Mautner Project has educated some 6,000 health care professionals around the country on how to remove barriers that inhibit them from giving knowledgeable, respectful care to all their patients. And Mautner Project has been educating the women in our community about what we need to do for our health, and how to stand up for ourselves and what we need and deserve.
For 20 years, we have advocated, too, with federal and local governments to make the needs of LBT people central, and to respond to those needs. Whether testifying before the Institute of Medicine or the Centers for Disease Control or the District’s health department, Mautner Project has led in the struggle for LBT visibility, and joined with our many colleague organizations to press the federal government to count us in census findings and in health surveys because too often, when we’re not counted, we’re treated as if we don’t count.
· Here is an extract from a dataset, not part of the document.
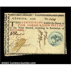 Georgia 1776 $4 Choice About New. A spectacular piece of Georgia currency, with a razor-sharp blue C

The sense of family that led to Mautner Project’s founding – taking care of ourselves, taking care of each other – is today part of our broader sense of community. As Ginny Sullivan, one of the board members of Mautner Project, always says, when we kick down doors, we’ve got to pull along with us as many folks as we can.
On Mautner Project’s 20th anniversary and with the support of Washington’s LGBT community and our allies everywhere, we look forward to knocking down some more barriers.